Dell 1600SC + 82540EM poor performance..HELP NEEDED

Thu Jul 24 11:42:04 EDT 2003

On Thu, 24 Jul 2003 Stephane.Martin at imag.fr wrote:

> Hello, 
> 
> For our tests we are connected to a 4108GL (J4865A), we have done all
> necessary checks (maybe we've have forget something very very big ????)
> to ensure the validity of our mesures. The ports have been tested with
> auto neg on, then off and also forced.
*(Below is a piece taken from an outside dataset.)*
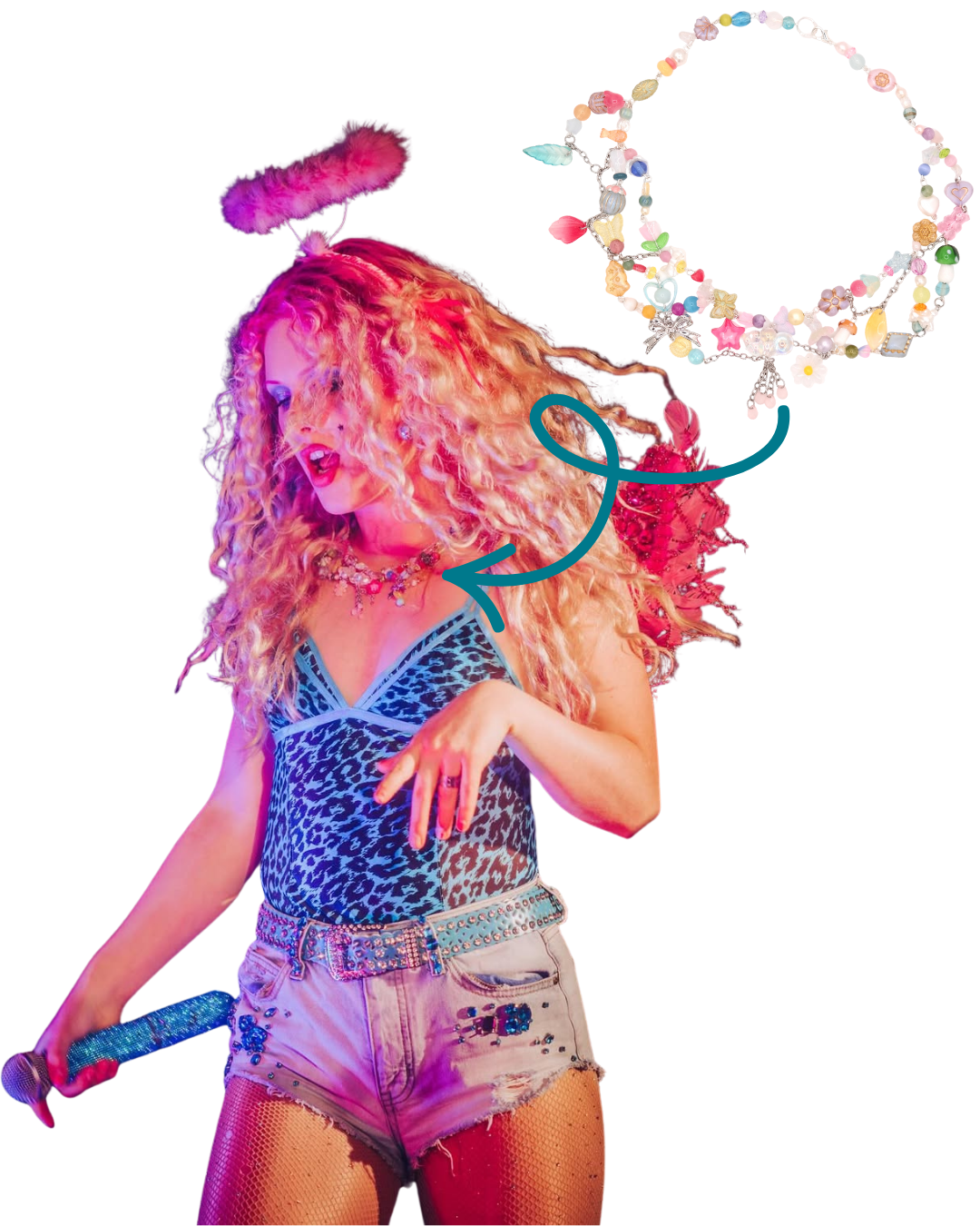 Categories: Select a Category Custom-Made Wearables Howdy Hats Necklaces Earrings Keychains / Carabiners Waist Chains Headpieces Tops Hair Accessories Bag Charms Pants Chains Bracelets Rings Roach Clips Cowboy Carter Chappell Roan Ethel Cain Queer🌈 Activism🇵🇸 Bridal👰 Pink Cowgirl🎀 Artsy Maximalist🎨 Outdoorsy🌿 Floral Fairy🌷 Mermaids🧜♀️ 420🍃 Witchy🔮 Grunge🖤 Birthday🎂 Space🪐 Artsy Maximalist🎨 Quick View Back To School Supplies Beaded Necklace $35.00 Quick View Star & Heart Carabiner Waist Chains $45.00 Quick View Spicy Takeout Food Beaded Roach Clip $20.00 Quick View Lava Lamp Vibes Beaded Roach Clip $20.00 Quick View Glass Dragonfly Beaded Necklaces $35.00 Quick View Lucky Charms Pearl Necklaces $35.00 Quick View Raining Cats and Dogs Kandi Beaded Bracelet $25.00 Quick View Lava Lamp Turtle Kandi Beaded Bracelet $25.00 Quick View Farm Fresh Kandi Beaded Bracelet $25.00 Sold Out Quick View Takeout & Chill Kandi Beaded Bracelet $25.00 Quick View Beaded Orange Keychain on Green Heart Carabiner $28.00 Quick View Beaded Purple Mushroom Keychain on Silver Heart Carabiner $28.00 Quick View Beaded Strawberry Keychain on Red Heart Carabiner $28.00 Quick View Beaded Yellow Mushroom Keychain on Yellow Heart Carabiner $28.00 Quick View Spikey Glass Ball Wire Wrapped Rings (6.5, 7.5, 8.5) $10.00 Quick View Silver Stargazer Clutter Necklace $45.00 Sold Out Quick View Butterfly Garden Gold Beaded Necklace $35.00 Quick View Crystal Mushroom Gold Pearls Beaded Necklace $35.00 Sold Out Quick View Swirly Bumblebee Gold Pearls Beaded Necklace $40.00 Sold Out Quick View Bad Habits Silver Beaded Necklace $35.00 Quick View Takeout Box & Sriracha Silver Beaded Necklace $35.00 Quick View Blue Lighter & Joint Silver Beaded Necklace $35.00 Quick View Pills & Pearls Silver Beaded Necklace $35.00 Sold Out Quick View Picnic Date Bra - Silver Chains, Pearls & Food Charms Top $100.00 Sold Out Quick View Colorful Stars, Hearts & Loops Chain Necklace $25.00 Quick View Pearl Teddy Bears & Painted Flowers Beaded Necklace $28.00 Quick View Colorful & Gold Fun Times Beaded Necklace $28.00 Quick View Dainty Colorful Gems & Fruit Salad Beaded Necklace $28.00 Quick View Apples, Pearls & Crystals Beaded Necklace $28.00 Sold Out Quick View Dainty Colorful Fruits & Circles Beaded Necklace $28.00 Quick View Dainty Clear Stars & Colorful Jewels Beaded Necklace $28.00 Quick View Apples & Clear Stars Beaded Necklace $28.00 Quick View Colorful Moth Waist Chain $60.00 Sold Out Quick View Colorful Farm Necklace Set $50.00 Quick View Colorful Decorations Necklace $35.00 Quick View Dreamy Silver Chain Necklace $35.00 Sold Out Quick View Colorful Butterfly Necklace $25.00 Quick View Purple Maximalist Charm Necklace $35.00 Quick View Abstract Face Red Beaded Necklace $35.00 Sold Out Quick View Colorful Beaded Necklace $30.00 Sold Out Quick View Heart Shaped Carabiner Keychain $25.00 Quick View Mix & Match Manic Earrings $10.00 Quick View Purple Unique Earrings $25.00 Quick View Manic Pixie Dream Girl Necklace $50.00 Quick View Gold April Showers Fairy Necklace & Earrings Set from $35.00 Sold Out Quick View Silver April Showers Fairy Necklace & Earrings Set from $35.00 Quick View The Fruits Heart Carabiner Keychains $28.00 Sold Out Quick View Star Shaped Carabiner Keychain $25.00 Quick View Star & Heart Beaded Bag Charms $20.00 Quick View Beaded Roach Clips from $15.00 Quick View Spacey Red & Silver Bag / Pants Chain $25.00 Quick View Mismatched Gold Birthday Triple Earrings $35.00 Quick View Pink & Silver Bedazzled Heart Clock Face Necklace $50.00 Quick View Gold & Red Maximalist Clock Face Necklace $55.00 Sold Out Quick View Silver & Green Forest Clock Face Necklace $55.00 Sold Out Quick View Tarot After Dark Waist Chain, Necklace & Earrings Set from $30.00 Quick View Girls Night Out Colorful Gold Bag / Pants Chain $25.00 Sold Out Quick View Maximalist Purple Cowgirl Hat $100.00 Sold Out Quick View Silver Daydreams Maximalist Clock Face Necklace $55.00 Sold Out Quick View Flirty Colorful Gold Bag / Pants Chain $25.00 Quick View Fit For A Mermaid Blue & Gold Headpiece $50.00 Sold Out Quick View Keys & Leaves Fairy Necklace $45.00 Quick View Journaling Starter Kit $12.00 No matter what it is, I can make it Custom! Order Custom Reach Out!

We have also the same mesures
> when connected to a J4898A. The negociation between the NIcs ans the two
> switches is working.
> 
> When using a tyan motherboard with the 82540EM built-in and using the
> same benchs and switches ans the same procedures (drivers updates and
> compilations from Intel, various benchs, different OS) the results are
> correct (80 to 90Mo).
> 
> All our tests tends to show that dell missed something in the
> integration of the 82540EM in the 1600SC series...if not we'll really
> really appreciate to know what we are missing there cause here we have a
> 150 000 dollars cluster said to be connected with a network gigabit
> having network perfs of three 100 card bonded (in full duplex it's even
> worse !!!!!). If the problem is not rapidly solved the 48 machines will
> be returned....

I'd totally remove the switch from the situation first. See what you can
get back-to-back by directly connecting one node to another first.

While the 4108GL is great for management networks, it is not a high
performance switch. Wait till you fire up all 48 with PMB.

Your bisectional bandwidth is not going to be great, but you should still
be able to hit decent numbers with a limited number of machines. It's 
possible that broadcast and multicast traffic are interfering with your
runs.

So first remove the switch. If you get the performance you are looking for
point-to-point, then you can focus your efforts on the switch. 

Twice i've had 4108GL's that would experience a severe performance hit
when doing any traffic with a certain blade. The first time it was a fast
ethernet blade in slot "C". Any network traffic that hit a port on this
blade was severely degraded. We swapped blades with a different slot and
the problem did not follow the blade. A firmware update solved the issue.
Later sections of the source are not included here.